__Required work__
Every line from the one with "행복한 육아실현, 충남서산시육아종합지원센터가 함께 합니다!" through the end of the entries below should be written out exactly; the pictures should not.

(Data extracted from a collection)
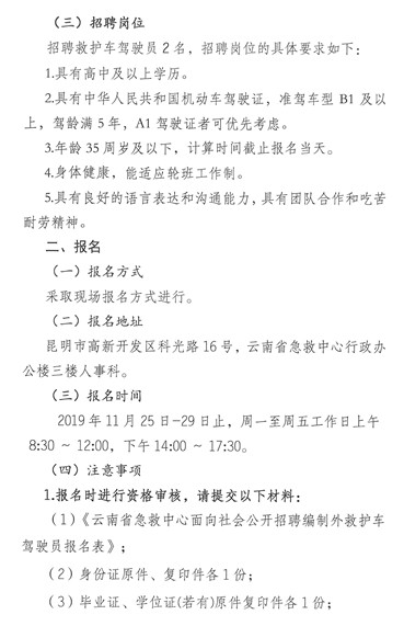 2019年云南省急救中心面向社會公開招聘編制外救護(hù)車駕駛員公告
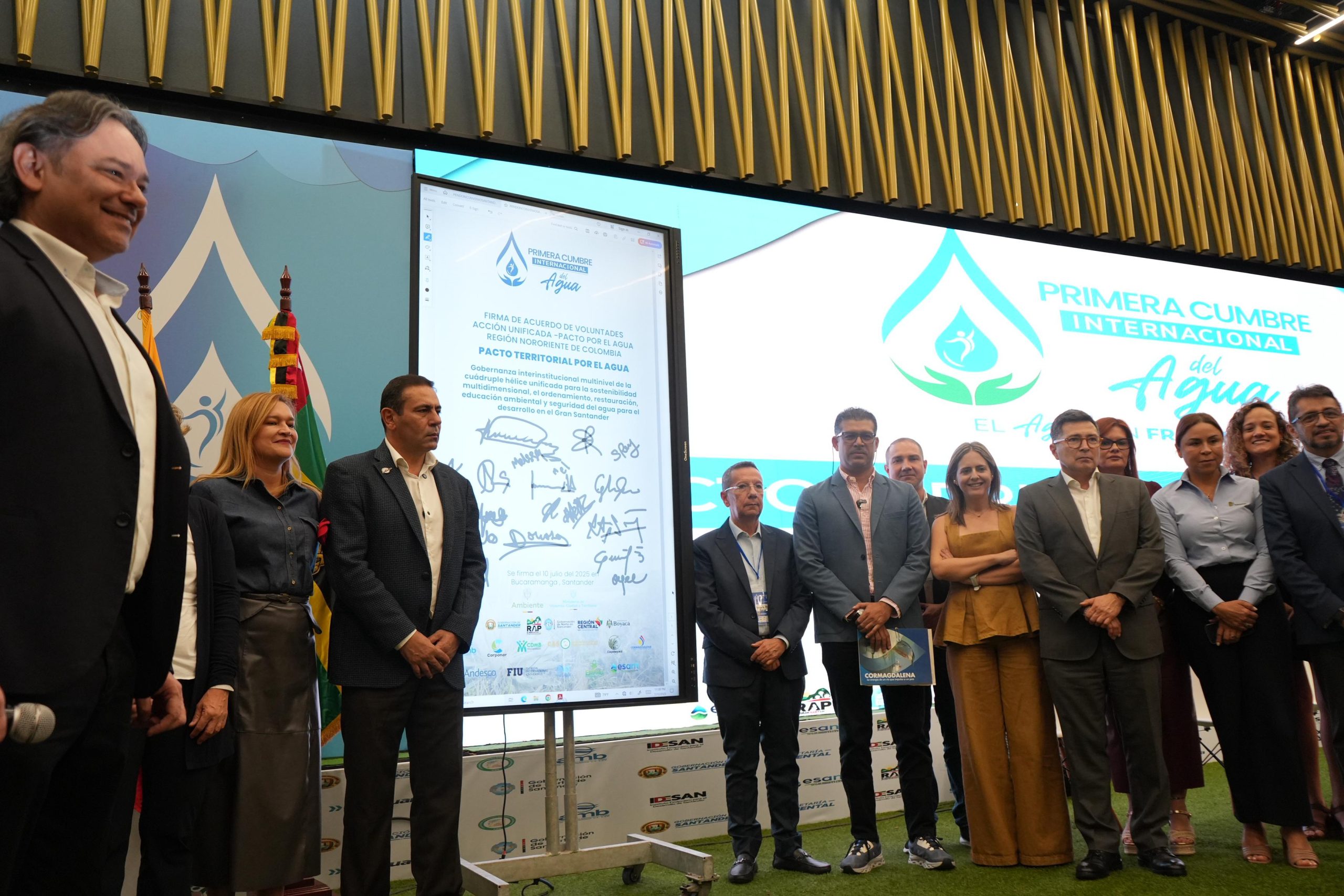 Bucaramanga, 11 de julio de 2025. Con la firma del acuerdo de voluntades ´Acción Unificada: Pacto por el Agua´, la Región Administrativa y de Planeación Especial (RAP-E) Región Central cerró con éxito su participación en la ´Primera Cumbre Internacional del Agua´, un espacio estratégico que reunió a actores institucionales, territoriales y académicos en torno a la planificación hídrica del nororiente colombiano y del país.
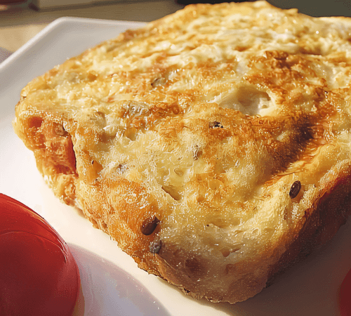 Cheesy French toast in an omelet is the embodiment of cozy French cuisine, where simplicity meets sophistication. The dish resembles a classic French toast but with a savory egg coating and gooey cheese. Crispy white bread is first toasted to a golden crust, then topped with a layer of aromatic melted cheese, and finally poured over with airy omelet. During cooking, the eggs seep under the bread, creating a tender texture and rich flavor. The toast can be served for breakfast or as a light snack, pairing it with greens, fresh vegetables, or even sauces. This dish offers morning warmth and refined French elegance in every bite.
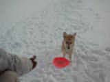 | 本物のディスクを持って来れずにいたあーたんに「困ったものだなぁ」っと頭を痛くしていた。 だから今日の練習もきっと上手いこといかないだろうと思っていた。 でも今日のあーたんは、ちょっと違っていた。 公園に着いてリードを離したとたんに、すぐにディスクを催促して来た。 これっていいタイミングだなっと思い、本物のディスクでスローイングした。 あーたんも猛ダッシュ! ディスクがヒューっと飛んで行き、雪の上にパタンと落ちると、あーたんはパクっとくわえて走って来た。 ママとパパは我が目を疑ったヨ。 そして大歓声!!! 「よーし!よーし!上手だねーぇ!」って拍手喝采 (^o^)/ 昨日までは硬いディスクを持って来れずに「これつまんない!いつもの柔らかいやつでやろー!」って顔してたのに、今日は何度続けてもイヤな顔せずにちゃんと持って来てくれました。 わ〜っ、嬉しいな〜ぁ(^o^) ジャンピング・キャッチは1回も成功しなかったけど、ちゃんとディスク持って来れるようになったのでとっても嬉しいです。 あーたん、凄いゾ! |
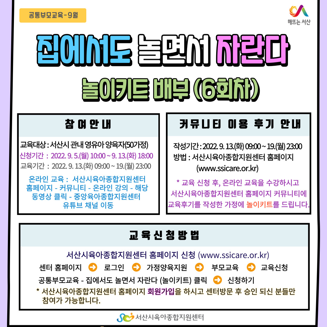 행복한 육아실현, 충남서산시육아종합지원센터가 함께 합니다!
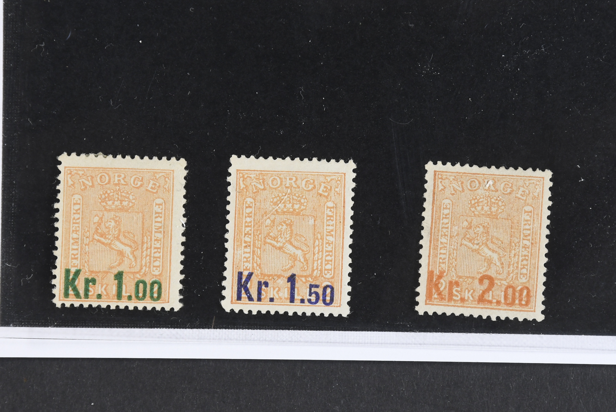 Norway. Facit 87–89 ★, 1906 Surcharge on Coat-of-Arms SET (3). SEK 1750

__Answer for this exercise__
 행복한 육아실현, 충남서산시육아종합지원센터가 함께 합니다!
 Norway. Facit 87–89 ★, 1906 Surcharge on Coat-of-Arms SET (3). SEK 1750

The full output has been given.